▶ **Instructions to follow**
Leave every image behind and restate the data word for word.

▶ **Collected data**
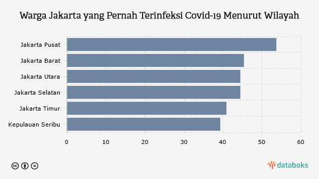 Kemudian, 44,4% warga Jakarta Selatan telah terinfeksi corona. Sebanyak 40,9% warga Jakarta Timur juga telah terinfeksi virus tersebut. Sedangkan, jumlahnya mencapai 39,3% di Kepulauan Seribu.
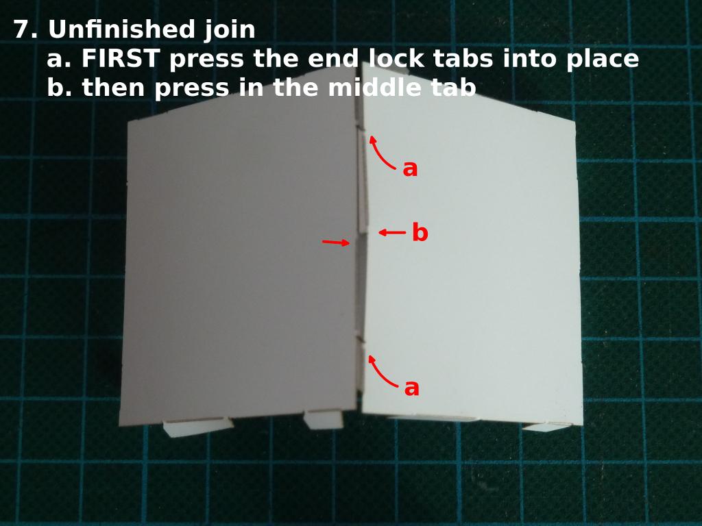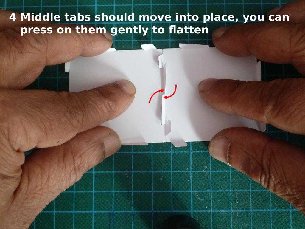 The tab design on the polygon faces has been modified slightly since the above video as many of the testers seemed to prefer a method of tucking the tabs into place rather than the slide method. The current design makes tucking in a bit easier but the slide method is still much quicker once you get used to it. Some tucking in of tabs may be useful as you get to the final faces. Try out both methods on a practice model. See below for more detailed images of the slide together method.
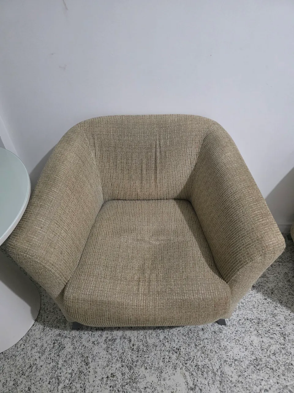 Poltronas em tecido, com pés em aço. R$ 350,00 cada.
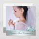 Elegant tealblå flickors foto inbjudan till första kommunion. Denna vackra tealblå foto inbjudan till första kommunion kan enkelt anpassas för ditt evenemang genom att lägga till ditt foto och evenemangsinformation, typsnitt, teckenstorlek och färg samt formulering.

▶ **Exercise result**
 Kemudian, 44,4% warga Jakarta Selatan telah terinfeksi corona. Sebanyak 40,9% warga Jakarta Timur juga telah terinfeksi virus tersebut. Sedangkan, jumlahnya mencapai 39,3% di Kepulauan Seribu.
 The tab design on the polygon faces has been modified slightly since the above video as many of the testers seemed to prefer a method of tucking the tabs into place rather than the slide method. The current design makes tucking in a bit easier but the slide method is still much quicker once you get used to it. Some tucking in of tabs may be useful as you get to the final faces. Try out both methods on a practice model. See below for more detailed images of the slide together method.
 Poltronas em tecido, com pés em aço. R$ 350,00 cada.
 Elegant tealblå flickors foto inbjudan till första kommunion. Denna vackra tealblå foto inbjudan till första kommunion kan enkelt anpassas för ditt evenemang genom att lägga till ditt foto och evenemangsinformation, typsnitt, teckenstorlek och färg samt formulering.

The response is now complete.